__TASK REQUIREMENTS__.
Please give back the listing below word for word, without the images.

__INFORMATION SHOWN__.
<<<<

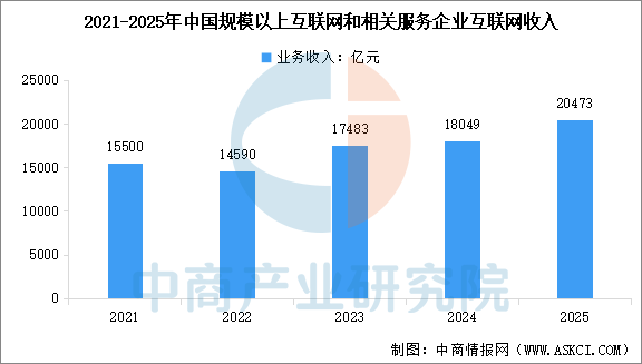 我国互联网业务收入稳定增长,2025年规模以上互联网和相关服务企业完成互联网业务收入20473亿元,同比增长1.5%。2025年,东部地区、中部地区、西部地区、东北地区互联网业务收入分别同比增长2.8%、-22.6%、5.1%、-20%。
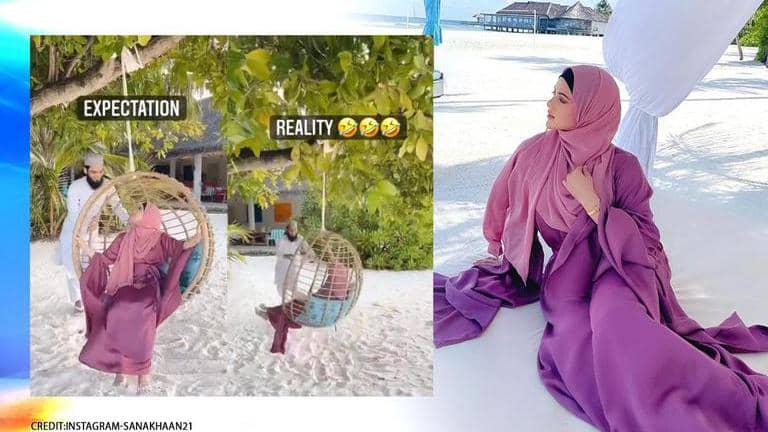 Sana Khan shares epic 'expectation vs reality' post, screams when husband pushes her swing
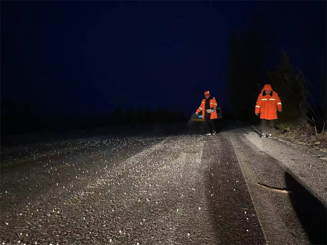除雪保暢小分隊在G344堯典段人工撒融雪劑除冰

>>>>

__TASK ANSWER__.
 我国互联网业务收入稳定增长,2025年规模以上互联网和相关服务企业完成互联网业务收入20473亿元,同比增长1.5%。2025年,东部地区、中部地区、西部地区、东北地区互联网业务收入分别同比增长2.8%、-22.6%、5.1%、-20%。
 Sana Khan shares epic 'expectation vs reality' post, screams when husband pushes her swing
除雪保暢小分隊在G344堯典段人工撒融雪劑除冰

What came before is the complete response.